Если свести оба зрачка как можно ближе, можно представить, что у тебя один глаз. Незадолго до этого я узнала слово «циклоп» и вот уже несколько дней пыталась почувствовать, как это: жить с одним глазом вместо двух. Неудобно или так, ничего?
– Оглохли? Бегать, значит, вы смелые.
Я сморгнула, скосила взгляд на Смирнова, который стоял слева: будет снимать штаны или нет? У Смирнова дрожали губы. Мне почти удалось добиться одноглазого эффекта, но возникла другая проблема: теперь выходило, что у меня два носа. Причем они срастались книзу, а единственный глаз попадал в ложбинку между ними.
– Вы русский язык понимаете?
Не хотела я понимать русский язык. Было занятие и поинтересней.
– Пронин, ты же быстрее всех бежал? – голос завуча скрежетал издевательски. – А ну давай. А то пойдем папе звонить.
Папа у Пронина был суровый, бывший геолог. Он жестко пил по выходным и исповедовал культ ремня. И Пронин сдался. А вслед за ним сдались и все остальные, по цепочке, пока не дошла очередь и до меня. Ветерок из окна холодил голую попу, которая не привыкла вот так запросто оказываться у всех на виду.
Два носа – это вообще никуда не годится.
Если бы я прочла о чем-то подобном в книге, я бы решила, что автор исписался и сочинил какой-то низкосортный бред. Но этот случай действительно имел место в моем третьем классе. И это, в общем, было еще ничего; по крайней мере, на нас никто не орал матом, в нас никто не кидался классным журналом, как бывало в других школах. Этот эпизод не оставил во мне ничего, кроме недоумения. Что заставило взрослую женщину выбрать такую сюрреалистическую форму наказания? Зачем трусы? Почему трусы? В чем здесь была логика?..
Протащив по школьным коридорам, ностальгическая волна снова вышвырнула меня под собор Нотр-Дам-дэ-Дом. Я выплюнула изо рта острые кости детских воспоминаний, из ушей хлынула вода —
– … и назад! – услышала я конец чревовещания из бака.
– Да вылези уже оттуда! – рассердилась я. – Я тебя не слышу.
Джон вылез, хлопнул крышкой:
– Видишь тех? – Его палец ткнул в двоих мальчишек метрах в двадцати от нас. Один куковал, сидя на скейте. Второй, нахмурясь, завязывал шнурки. – Я начинаю в девять, а они передо мной. Не пропусти их: я работал с ними два года, был в команде. Они дико крутые. Начинали как я, с нуля, а теперь тут, на телевидении, звезды.

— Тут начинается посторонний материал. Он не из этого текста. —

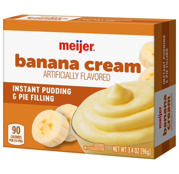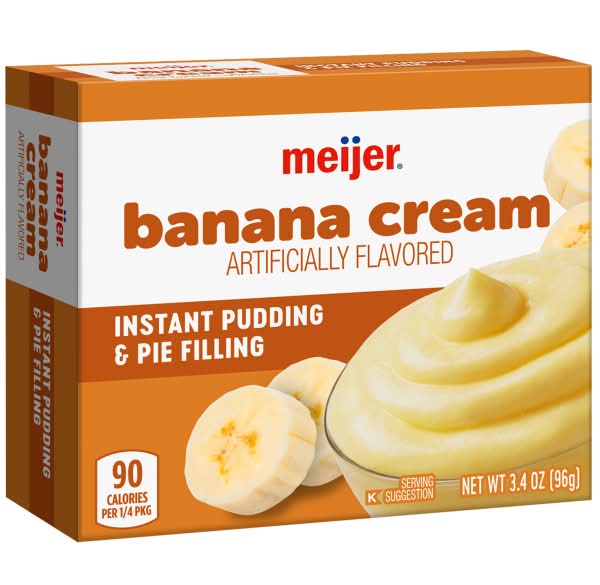 Meijer Instant Banana Cream Pudding & Pie Filling is a versatile dessert mix that can be used to create either banana cream pudding or pie. Designed for a creamy texture upon preparation, it is intended to be mixed with milk and requires chilling to properly set when used for pies. Additionally, it can be utilized as a baking ingredient in various recipes. This product offers a convenient solution for quickly preparing desserts with a delightful banana cream flavor.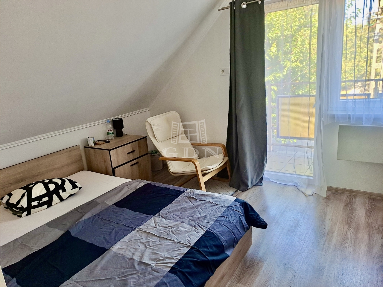 Az első lakrészbe belépve egy tágas, beépített konyhabútoros konyha étkezővel fogad minket! Innen nyílik egy wc ami háztartási helyiségként is funkciónál, itt található a mosógép, valamint egy korszerű bojler is. Ebből a helyiségből tudunk felmenni a felső szintre. Az emeletre felérve, egy kis nappaliba érkezünk, ahonnan nyílik egy tágas, káddal ellátott fürdőszoba, valamint 2 szoba és egy kis közlekedő. A kisebb szobából egy erkélyre is kiléphetünk.

Я присмотрелась к дико крутым. Один африканец, второй – вообще какая-то гремучая смесь. То ли рэперы, то танцоры брейкданса. Знаю я тебя, дружочек, подумала я. Хит-параду Джона уже не было веры: воспоминания о японском боксе еще жили в моей душе. Да и мальчишки казались слишком юными, если не сказать маленькими. Черные штаны, черные майки в обтяг, на руках пластиковые браслеты. Хмурые лица: то ли не выспались, то ли жизненная позиция. Ничего нового, подумала я. Эти рэперы уже рождаются в широких штанах и с печатью черной меланхолии на лице. Жизнерадостного ни одного не встречала.
– –
Я взбежала по лестнице и забралась на парапет над фонтаном. Мое королевство простиралось подо мной. По левую руку, там, где недавно дирижировал толпой Филипп, теперь обосновался другой: то ли новичок, то ли просто неудачник. У него не получалось. Он жонглировал прозрачными шарами, но выходило скучно: скованные движения, детские трюки. Шары то и дело падали. Людской поток обтекал бедолагу, как струя воды, встретившая на пути какое-то ничтожное препятствие: дощечку или камень. Посмеивалось из-за деревьев раздобревшее прощальное солнце.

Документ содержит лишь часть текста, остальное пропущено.